Эссе

«Берлин, Александерплац»: Территория эпилога


 

Ты сейчас прочитал на обеде
в неизменном своем Майн Риде
все, что сказано в ихней Риг‑Веде

Александр Еременко

Экранизация знаменитого, чуть ли не самого главного модернистского романа Германии «Берлин, Александерплац» Альфреда Дёблина, который сравнивали с «Улиссом» Джойса или с романами Дос Пассоса о Нью‑Йорке, наверно, должна была бы напоминать фильм «Берлин, симфония большого города» Вальтера Рутмана. Но Берлин был разделен Стеной, а у Фасбиндера были свои технологии работы с текстом. Фасбиндер снял не просто пятнадцатичасовую экранизацию, что сегодня не новость для артхаусного кино, он снял телевизионный сериал, из которого позднее собирался сделать фильм. Он экранизировал Дёблина, как экранизируют «Идиота» или «Войну и мир». Модернистский роман превратился во вполне добротную «реалистическую» теледраму, из которой выбивается только «Эпилог».

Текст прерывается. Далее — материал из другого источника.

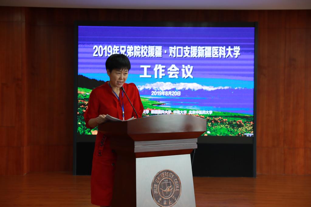 8月20日,第六次兄弟院校援疆·对口支援beat365中文官方网站工作会议在吉林大学顺利召开。来自吉林大学、中南大学、北京中医药大学、中国药科大学、上海中医药大学等全国14所高校的56位领导及专家,紧密结合贯彻落实第七次全国对口支援新疆工作会议精神,围绕“精准援疆、重点扶持、学院包建”的主题,进一步深入探讨做好援疆及对口支援beat365中文官方网站各项工作的思路和措施。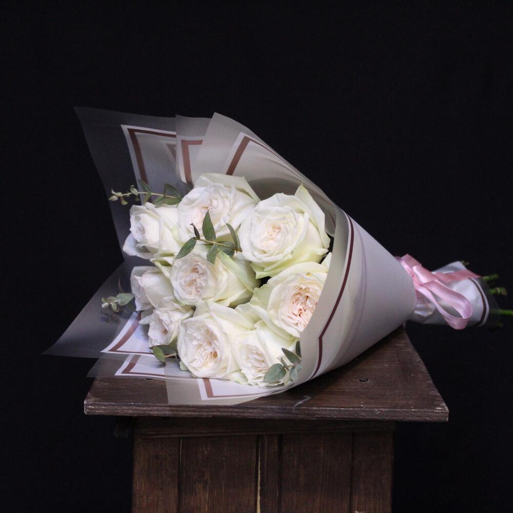Эвкалипт – 2 шт.Пленка дизайнерская – 2 шт.роза пионовидная white o’hara – 9 шт.
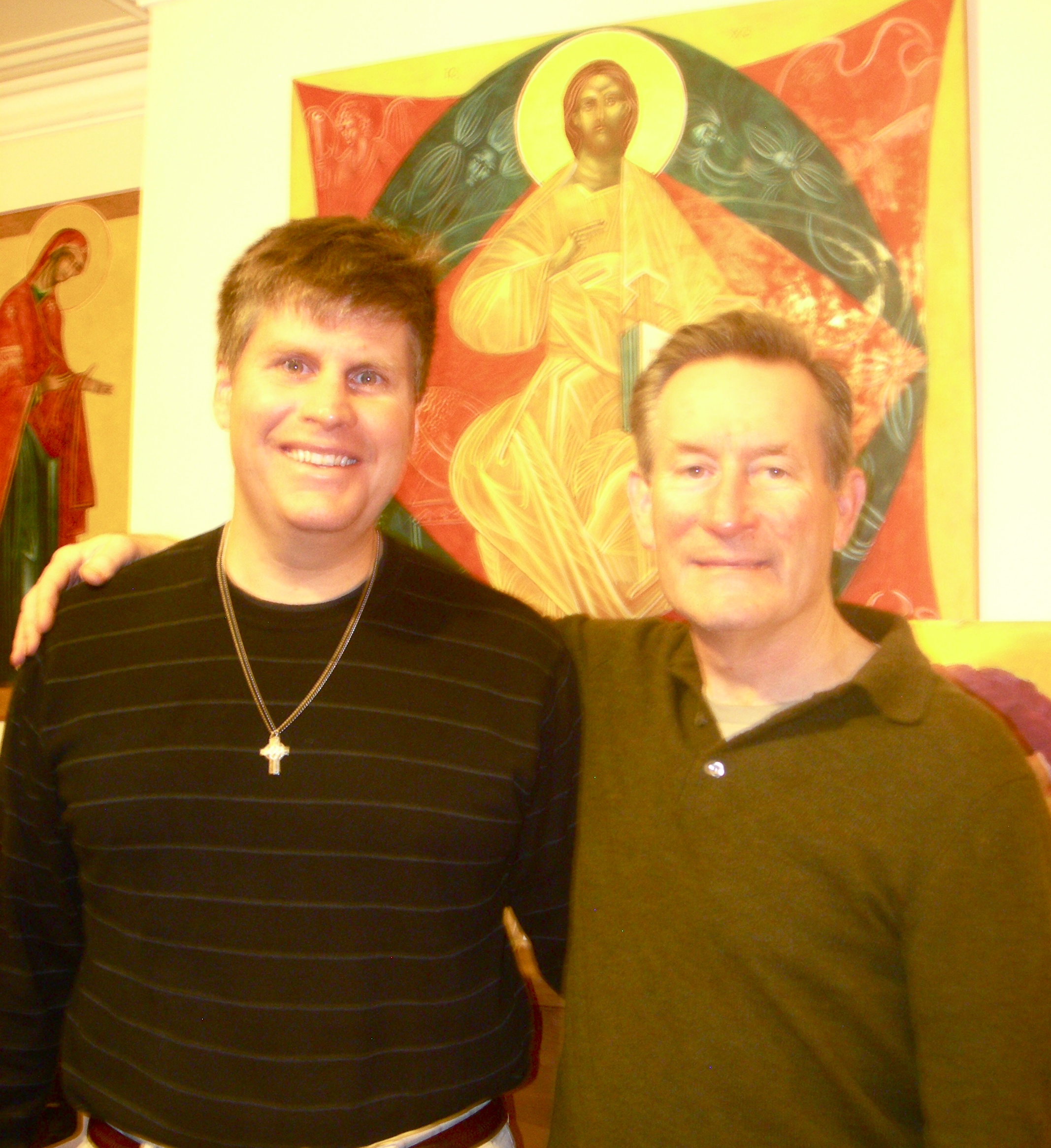 friends in God’s world and ours!  First, our good friend from Randy Clark’s School, Chad Cromer came with his new fiance.  They were guests at our February House of Prayer meeting, met the minister of the church we are attending,  and gave some powerful healing prayer which resulted in at least two healings that night!     Our next visitor was Fr. Scott Evans from upstate New York who came for the London Alpha conference. We were blessed by a wonderful night of prayer and fellowship before he headed to London.   (You’ve got to love my icon of  “Christ in Glory” behind them in the photograph.  It looks like they are right in God’s embrace, as indeed they are!)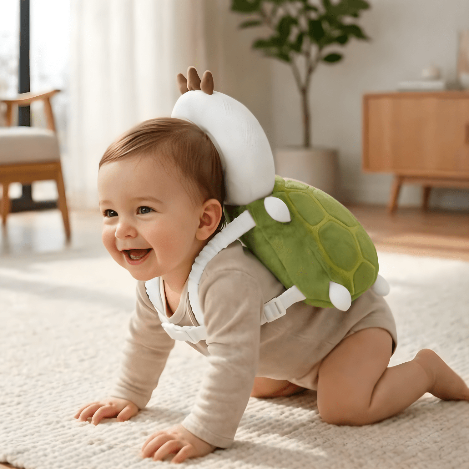 Przewiewny, przyjemny w dotyku materiał sprawia, że ochraniacz jest niemal niewyczuwalny podczas noszenia. Nie przeszkadza przy raczkowaniu, wstawaniu ani stawianiu pierwszych kroków.

«Берлин, Александерплац» вышел в эфир в октябре 1980 года, его транслировали по понедельникам, одну серию в неделю. Первоначально его планировали показывать в прайм‑тайм — в 20:15. Но поскольку уже в период съемок католическая церковь начала кампанию, целью которой было не допустить сериал в эфир, канал испугался и передвинул показ на более позднее время — 21:30. В день премьеры рейтинги были высокими — 27 % аудитории, то есть около восьми с половиной миллионов зрителей. Но позднее аудитория сократилась до 10–11 %. «Эпилог», передвинутый на одиннадцать часов вечера, посмотрело 8 % зрителей. Для самого дорогого на тот момент сериала в истории немецкого телевидения такие цифры выглядели, скорее, провалом. По данным опросов, среди причин, оттолкнувших аудиторию, на первом месте стояла «скука», на втором — «слишком тусклое освещение», и только на третьем и четвертом — «секс» и «насилие». Тем не менее для Фасбиндера и артхаусного кино это был зрительский успех[1].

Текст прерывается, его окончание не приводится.